I was thinking up to now that I don’t like Hawks’s attempts at romance too much. The romantic story in Sergeant York is whatever, disposable, and the romance in Only Angels Have Wings works well, but only as a complement to the larger story. Bringing Up Baby and His Girl Friday are impressive for what they are, and it’s cool that they’ve got a distinct kind of fast-talking comedy that was obviously a difficult thing to pull off for everybody involved, but otherwise they don’t really do it for me.
And yet for all of the action and intrigue of To Have and Have Not, for all the novelty of knowing that it’s an adaptation of a Hemingway novel that improves on the source material (and that it was written by Hemingway’s rival, William Faulkner), what I think most enthralls me about the movie is the romance between Humphrey Bogart, who plays a boat captain/fishing guide, and Lauren Bacall, who plays a traveling American, with the beautifully noirish name “Slim,” who might have stepped out of The Sun Also Rises, or Hemingway’s memoir of 1920s Paris, A Moveable Feast. She’s traveling for the love of travel, uninterested in other people’s opinions about it, doing her thing. A culture vulture. Just wants to see the world.
I’ll say here again that I don’t really know what people mean by on-screen “chemistry” between actors, but what does seem visible throughout the movie is a trace of what was happening behind the scenes. Bogart and Bacall were becoming friendlier and friendlier until one night, outta nowhere, Bogart pulled a move that was allegedly out of character (or so the reports belabor) by putting a hand under her chin, tilting her head up, and kissing her. It’s probably the only behind-the-scenes romance to be told again and again with the same minor detail.
After that they stole little moments of intimacy all the time — riling the ire of Hawks, who had a crush on Bacall himself, and imbuing her scenes with an added layer of…yearning? It’s there in how they look at each other and don’t look at each other. They’ve got this secret affair going on that they’re enjoying, that probably worries them as much as it thrills them, and when their characters on screen trade these hard looks, each trying to figure the other, we can see the actors themselves, the human beings underneath, doing the same. Bogart was wondering if he’d be prepared to leave his wife for her. Bacall was wondering if she was ready to get involved with a married man twice her age.
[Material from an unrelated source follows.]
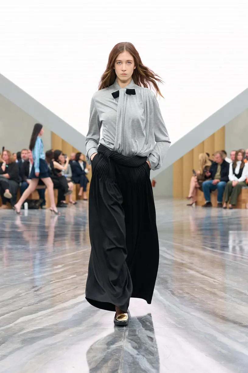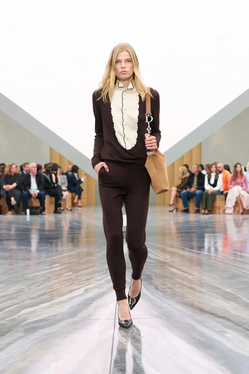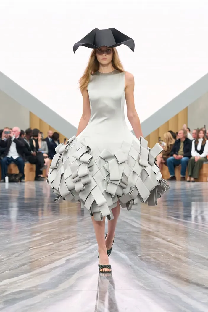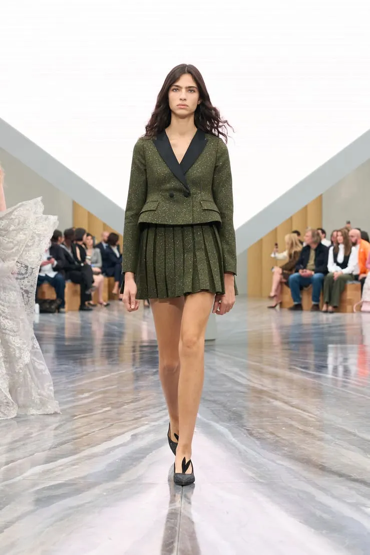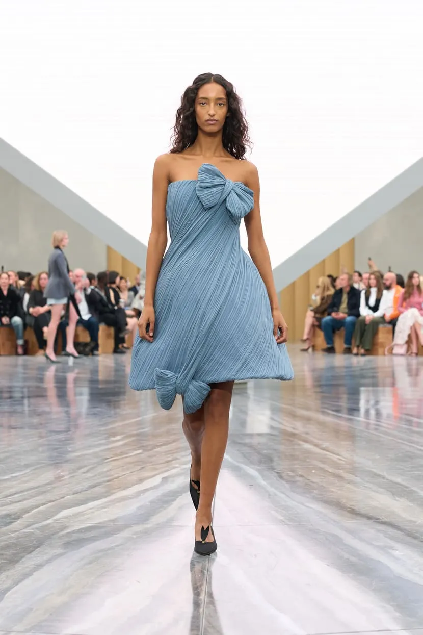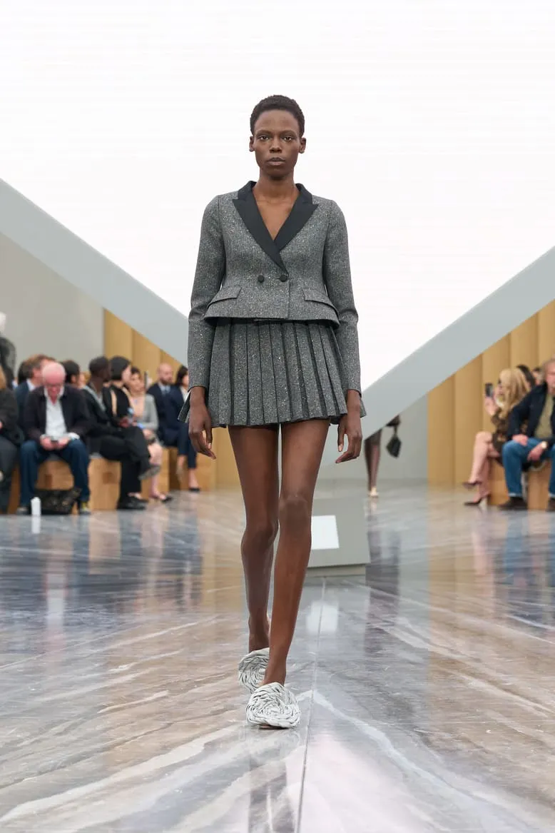 Dévoilée hier au Jardin des Tuileries à Paris, la collection Dior de Jonathan Anderson explore le langage de la Maison à travers une relecture empathique de son héritage. Le directeur artistique a nourri sa vision d’éléments d’Archives interprétés avec inventivité. Les nœuds - un code intemporel - ont été déclinés sous de multiples formes : des manteaux à pinces sur le devant et des minijupes drapées en coton drill aux robes en dentelle aérienne et aux sacs à main - à anse unique - Dior Cigale. Les vestes Bar rétrécies adoptent des volumes sculpturaux, tandis que les longues capes ondulantes et les shorts volumineux nouent un lien avec les débuts de Jonathan Anderson chez Dior, en juin dernier. Le résultat, d'une tension captivante, offre une multitude d'attitudes et d'expressions de soi. L'espace épuré du défilé, conçu par Luca Guadagnino et Stefano Baisi, a fusionné le numérique et le physique. Racontée à travers les images d'une œuvre spécialement commandée au documentariste Adam Curtis, l'histoire de la Maison défilait devant les yeux des invités sur une pyramide en LED inversée, avant de s'évanouir comme par magie dans une boîte à chaussures Dior. Elle symbolise un passé conservé qui peut être revisité comme des souvenirs.

It all worked out, following a spell of hardship when Bogart returned to his wife for a while and set a divorce in motion, and they shared a happy marriage for several years as one of Hollywood’s storybook “perfect” couples. Their marriage had its ups and downs, they cheated on each other (I read in a Bogart biography that Bacall had a tryst with Frank Sinatra while in the trenches of tending to Bogart’s hideous self-inflicted demise, but I’ve read elsewhere that Sinatra was just courting her at that time, with effusive condolences and offers of comfort, and that Bacall went and dropped into his arms only as soon as Bogart was dead), but they balanced each other nicely. Not sure it’s the kind of marriage that’d be celebrated if we were scrutinizing it through a paparazzi’s lens today — Bogart, especially, would be problematic and demonized as a chainsmoking alcoholic who wanted women to be barefoot at all times, hopping from the bedroom to the kitchen to the rug before the fire.
But the romance worked.
In the first act of To Have and Have Not we see Bogart’s character get stiffed on a huge bill that’s owed to him by a client. Shortly afterward he agrees, grudgingly, to smuggle two French resistance fighters onto the island. He meets and romances Bacall’s character beforehand and when Bogart returns from the trip with a grievously wounded resistance fighter (there’s a wonderfully tense shootout with the police in dark foggy waters) he relies on her help to tend the wounds of the French guy he just smuggled over. Things go from there — Hawks was trying to capitalize on success of Casablanca, understandably, so this feels like that movie except the plot is a little more A-to-B-to-C and the action is more exciting and the romance more conventionally gratifying.
There’s no question it’s a great movie, iconic for its merits as a work of art, but it’s also got that gloss of Hollywood magic when you factor in the star quality: two iconic figures coming together in a way that seems almost like fairytale (if you ignore the little details of infidelity and substance abuse and Bogart’s hideous, prolonged, agonizing death in the master bedroom).